Drop every picture. Then return, exactly, the lines from the beginning of the listing below through the one containing "На етаж има".

________________________________________

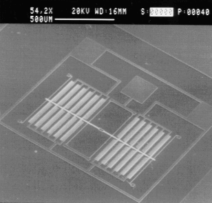 Micro Snap Fastener (Spring '95)A snap fastener is a deformable device consisting of a pair of mating surfaces that ``snap'' together during assembly. Because of the simple, linear assembly motion, snap fasteners have a wide range of applications in micro assembly tasks, e.g. for devices with multiple or layered components, or micro opto-mechanical plugs. At the micro scale, conventional types of fasteners like screws and hinges are unlikely to work due to present fabrication constraints and large friction forces. Micro snap fasteners also have great potential to be used in sensors with memory.
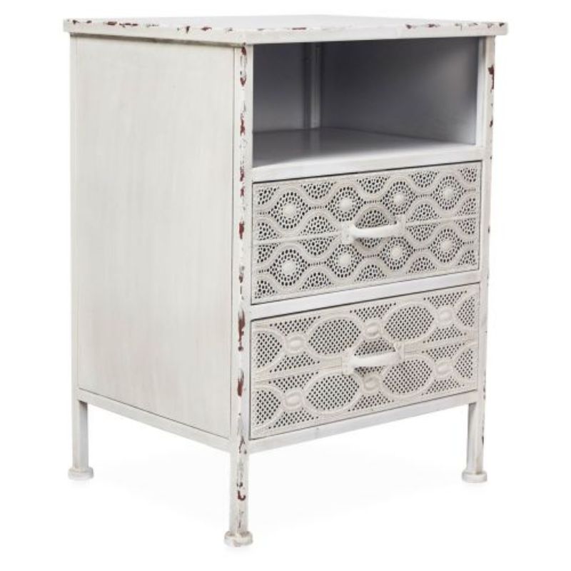 Only 1 left!Antique White Filigree 2 Drawer Metal Bedside Table - 42cm x 35.5cm x 58.5cm
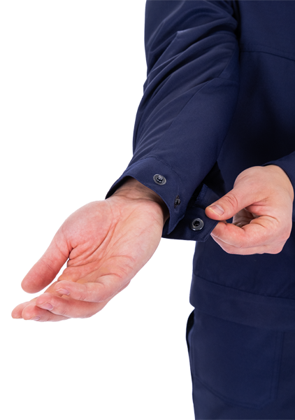 • рукава двухшовные с разрезами в локтевом шве и с манжетами, застёгивающимися на кнопки
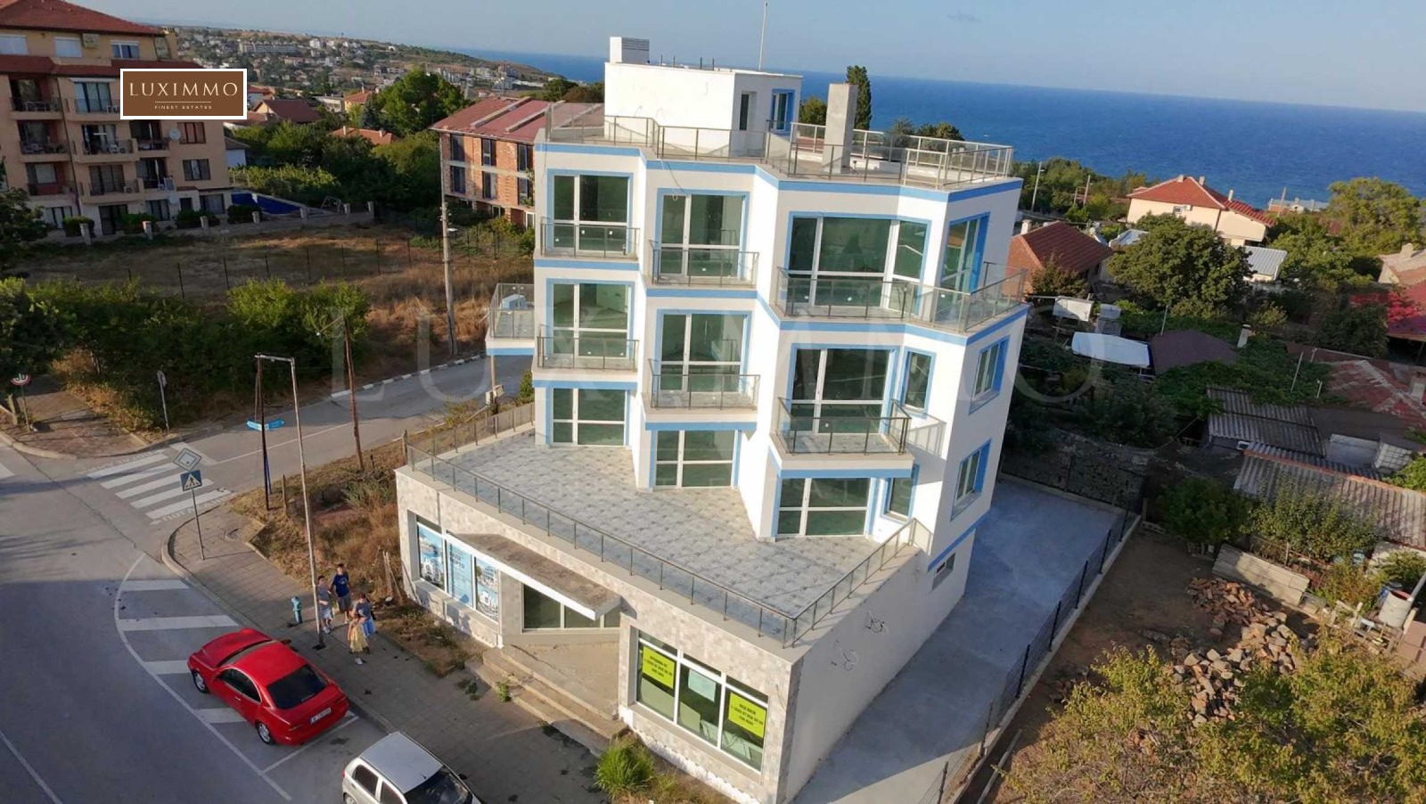На етаж има по два апартамента и всеки апартамент разполага с килер, тераса и гледка към морето.
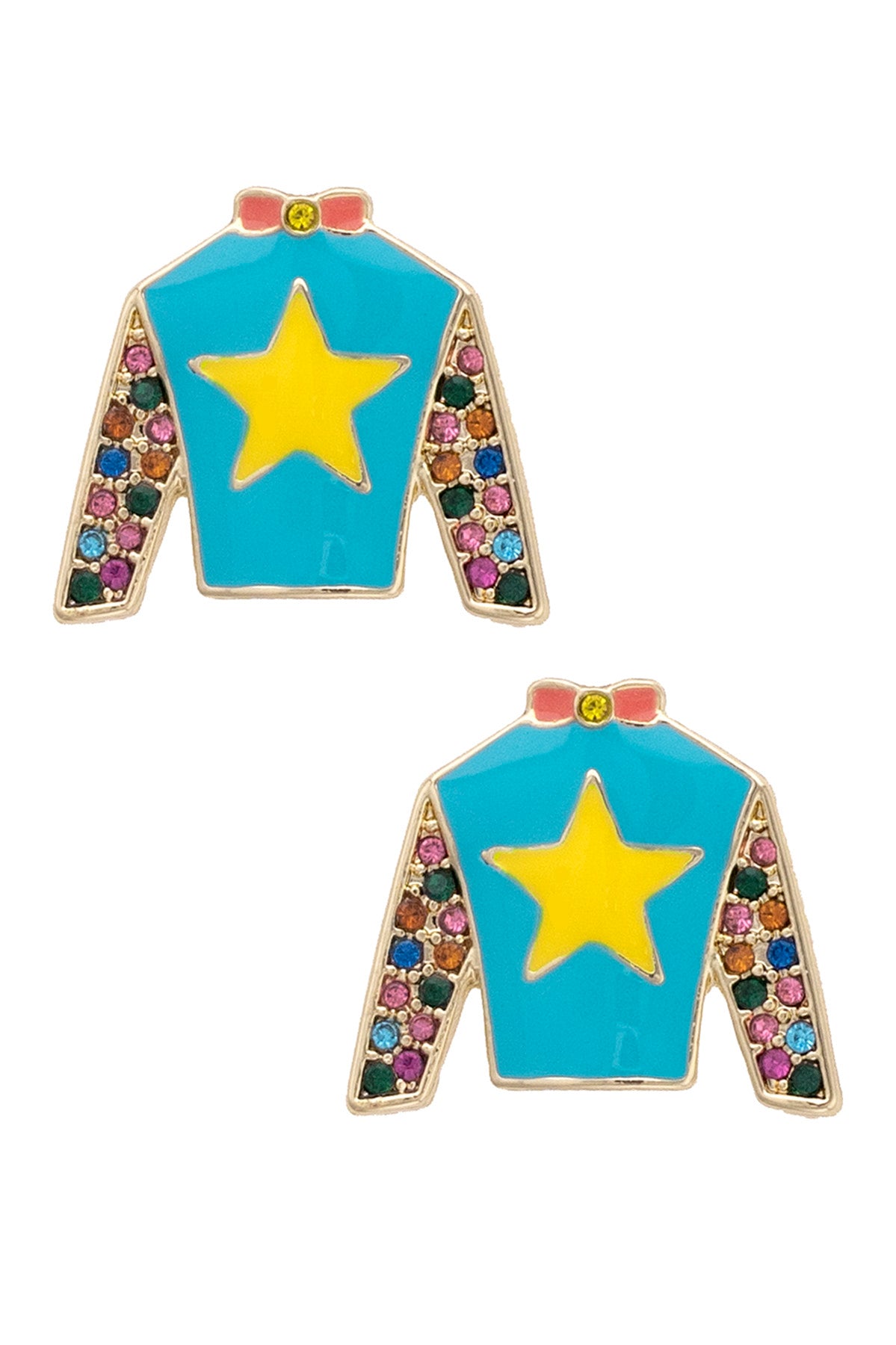Soft light blue enamel studs inspired by jockey silks. Subtle, sweet, and easy to wear.

________________________________________

▶ _Task solution_
 Micro Snap Fastener (Spring '95)A snap fastener is a deformable device consisting of a pair of mating surfaces that ``snap'' together during assembly. Because of the simple, linear assembly motion, snap fasteners have a wide range of applications in micro assembly tasks, e.g. for devices with multiple or layered components, or micro opto-mechanical plugs. At the micro scale, conventional types of fasteners like screws and hinges are unlikely to work due to present fabrication constraints and large friction forces. Micro snap fasteners also have great potential to be used in sensors with memory.
 Only 1 left!Antique White Filigree 2 Drawer Metal Bedside Table - 42cm x 35.5cm x 58.5cm
 • рукава двухшовные с разрезами в локтевом шве и с манжетами, застёгивающимися на кнопки
На етаж има по два апартамента и всеки апартамент разполага с килер, тераса и гледка към морето.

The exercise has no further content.